# [INSTRUCTIONS FOR THE TASK]
Exactly the lines from the start of the data below through the line that contains "Tlocrtno, vila je" are to be copied, with pictures left out.

# [Stored dataset items]
====

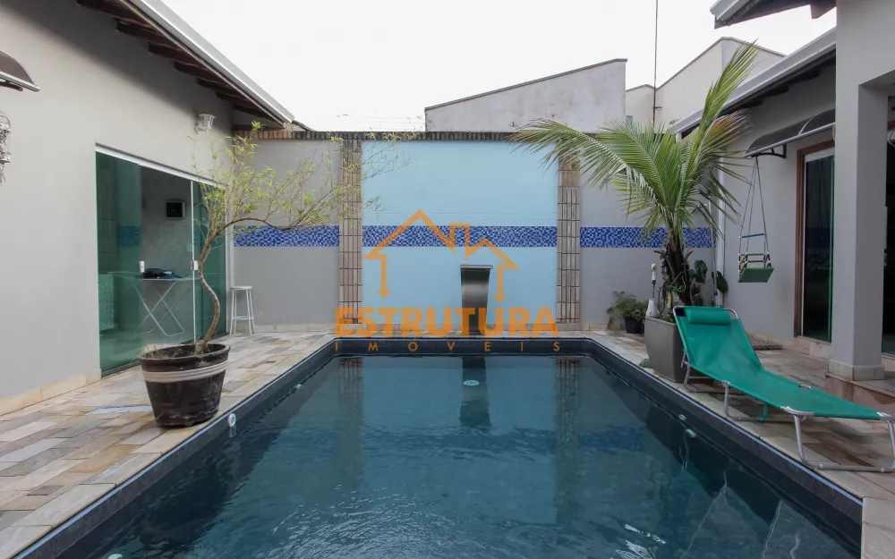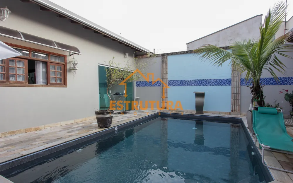 Área de lazer com piscina, ducha, cozinha com planejados e churrasqueiras, 01 banheiro e 01 dormitório
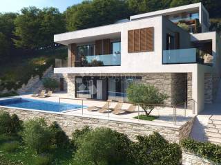 Tlocrtno, vila je pažljivo organizirana na tri etaže. Donji nivo nudi privatnost i tišinu spavaćih zona, uz izravan pristup prostranoj terasi s infinity bazenom, sunčalištem i mediteranskim vrtom. Glavna stambena etaža sadrži otvoreni dnevni boravak s kaminom, dizajnersku kuhinju i blagovaonicu, dok gornji kat uključuje radnu ili multimedijalnu zonu, dodatne spavaće sobe ili gostinjske jedinice. Svaka etaža ima poveznicu s vanjskim prostorom bilo kroz intimne lođe, velike terase ili elegantna stubišta u prirodnom kamenu. Projekt predviđa i natkrivenu garažu, spa zonu i sve elemente koji zadovoljavaju najviše standarde moderne luksuzne vile.
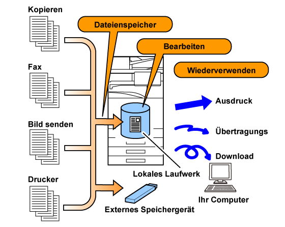 für die Funktionen [Ablage] und [Dateienspeicher] zur Verfügung.
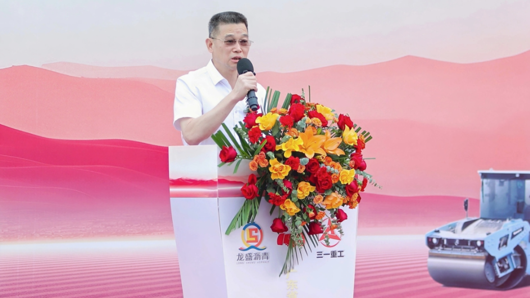 广东省公路学会理事长洪显诚先生代表学会对交付庆典的顺利举行表示祝贺,并向勇于开拓的龙盛沥青和提供技术鼎力支持的三一重工致以崇高敬意。他表示,此次无人摊铺机群的交付,是我省公路交通基础设施迈向“智能建造”的关键一步,具有重要的标杆示范意义。希望龙盛充分运用这套系统,总结可复制、可推广的施工工法,并期待更多企业投身科技创新,共同提升我省公路建设科技水平。广东省公路学会将继续发挥桥梁纽带作用,推广创新成果,助力公路交通事业高质量发展。
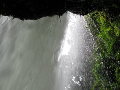 The next day the party reaches Lobster Valley, a place whose name no-one can understand as it is twenty miles from the sea. Kokuma and Kachamaru let the dogs go hunting again, and again they return empty-mouthed. Yoshi manages to catch a couple of otters and Mineo amazes the fishing gods with another fair catch. After a quick lunch, the adventurers press on and reach the creek running into the valley at its halfway point. Miyoshi, obsessed with naming places, calls it Crayfish Creek. Further up it forks, Miyoshi furnishing it with the name Fish Fissure. The sides grow steeper and higher, and the vegetation starts to cut off sight of the sky. Eventually it turns into a gully ("Guppy Gully") that ends at the foot of a waterfall. Miyoshi detects a faint path that seems to lead right into the waterfall. He can't quite believe it. Kokuma confirms there is a path, and follows it, sticking his head into the waterfall. He gets very wet and quite cold, but pushes on through and disappears. Miyoshi, afraid that Kokuma has been sucked into another dimension, sticks the shaft of his spear through the water, and is almost jerked off his feet as Kokuma pulls it, and him, through the waterfall. The others follow and find themselves in a tunnel behind the water curtain, leading under the mountain. Kachamaru casts Light and leads the way. After about ten minutes dominated by the smell of wet dogs, they emerge into a verdant valley with a large Ainu-style village. The valley seems to be surrounded by mountains - if there is another route out, it is not obvious. The inhabitants look pale and hairy like Ainu.
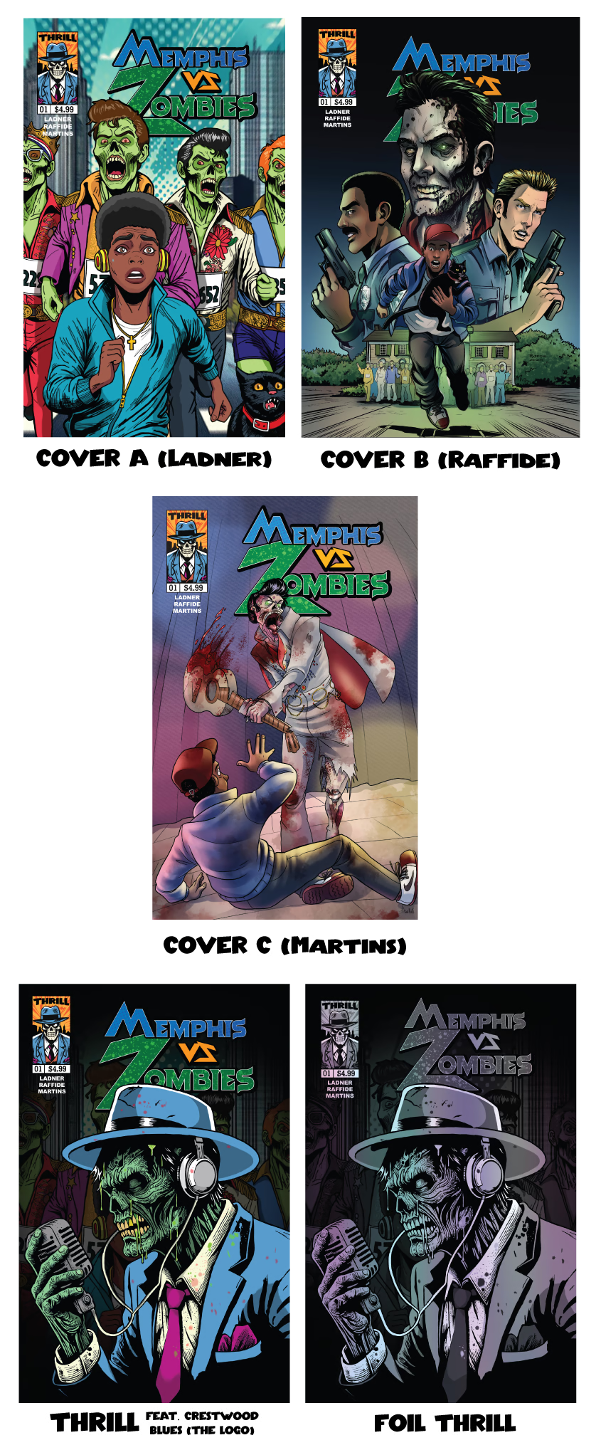 Memphis vs Zombies #1has a handful of exciting variant covers to choose from by creators Ryan Ladner, Guilherme Raffide and Aline Martins. The Thrill Comics variants feature a zombified version of Crestwood Blues, the official mascot of Thrill.

====

# [RESPONSE AREA]
 Área de lazer com piscina, ducha, cozinha com planejados e churrasqueiras, 01 banheiro e 01 dormitório
 Tlocrtno, vila je pažljivo organizirana na tri etaže. Donji nivo nudi privatnost i tišinu spavaćih zona, uz izravan pristup prostranoj terasi s infinity bazenom, sunčalištem i mediteranskim vrtom. Glavna stambena etaža sadrži otvoreni dnevni boravak s kaminom, dizajnersku kuhinju i blagovaonicu, dok gornji kat uključuje radnu ili multimedijalnu zonu, dodatne spavaće sobe ili gostinjske jedinice. Svaka etaža ima poveznicu s vanjskim prostorom bilo kroz intimne lođe, velike terase ili elegantna stubišta u prirodnom kamenu. Projekt predviđa i natkrivenu garažu, spa zonu i sve elemente koji zadovoljavaju najviše standarde moderne luksuzne vile.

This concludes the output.